Ese trabajo es mancomunado, intergeneracional, en el cual músicos, profesores y melómanos debemos comprometernos. Porque de la misma manera que la música es parte cotidiana de nuestro quehacer a través de un sinnúmero de aplicaciones o dispositivos, la expectativa y capacidad de sorpresa disminuyen debido a lo predecible de las mismas. Una configuración que busca ofrecer el gusto garantizado basado en tus preferencias. ¿Dónde cabe la novedad y la sorpresa, el cambio y el quiebre con lo predecesor?

El comienzo del siglo XX fue una apertura para romper barreras, donde las vanguardias aparecieron, triunfaron, fracasaron y quedaron para siempre con nosotros. ¿Cómo? A través del diseño, bandas sonoras, publicidad y ornamentación. Porque da la impresión de que en algún momento los caminos se dividieron y olvidaron que la emocionalidad en esa música, sin importar cuán críptico fuera el mensaje, constituía lo que estaba detrás del compositor. La música no es solamente el sonido, sino todo: compositor, partitura, recepción e historia con miras a una emocionalidad y una capacidad de conmover.

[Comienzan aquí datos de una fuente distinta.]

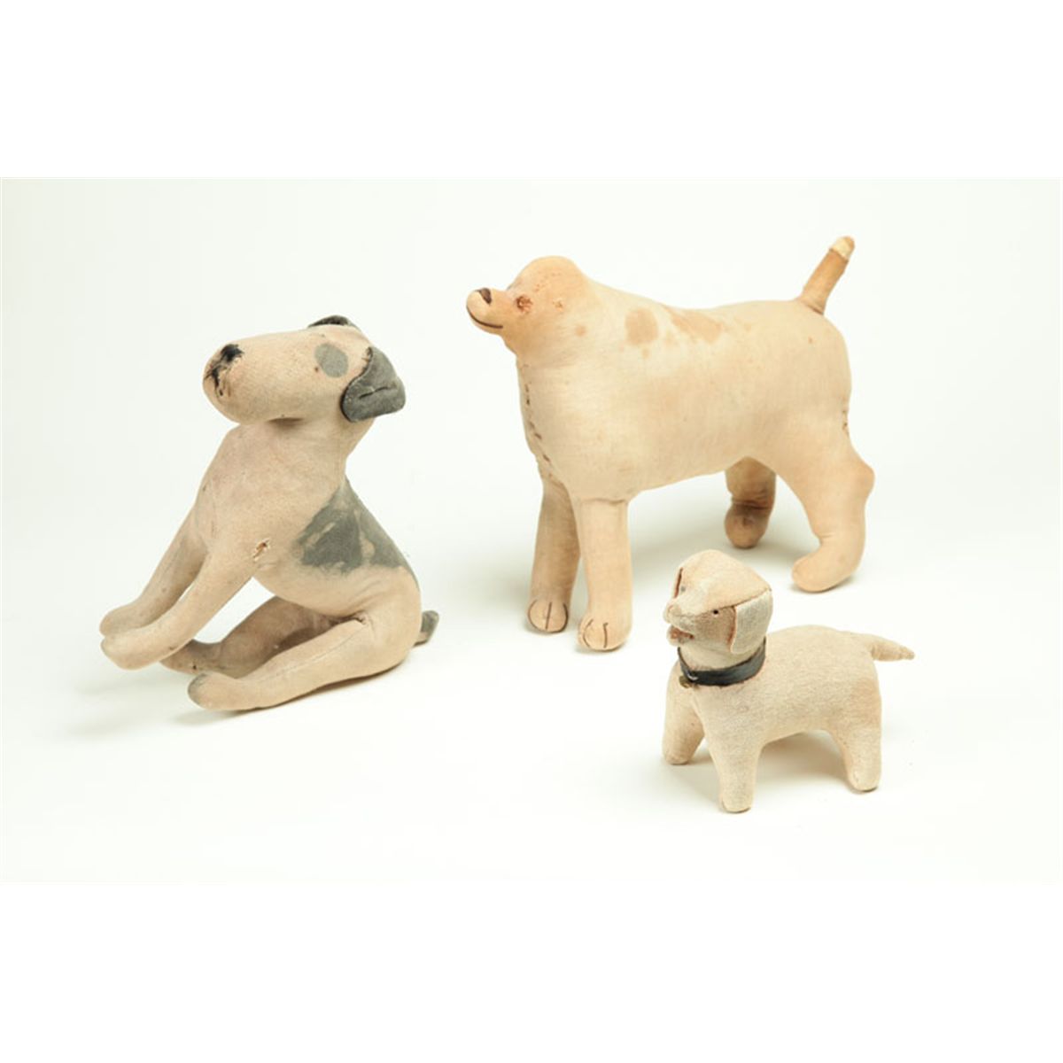 American, probably Amish or Mennonite, late 19th-early 20th century, cloth. All with wear, one with moderate losses. 11 1/2", 10 1/2" and 6 1/2"h.

En la medida que nosotros volvamos a conmovernos, volveremos a emocionar a la audiencia. De esa manera, las grandes músicas compuestas incluso hace más de 300 años serán lo suficientemente presentes y actuales, dando respuestas a una generación que ha estado expuesta quizás a uno de los traumas más difíciles del último tiempo. Lo que nos puede dar la salida es retomar esa práctica musical que siempre tuvo en las grandes ideas y en la trascendencia la posibilidad de poder quedarse en la historia de la humanidad. Y eso emociona, conmueve y crea experiencias.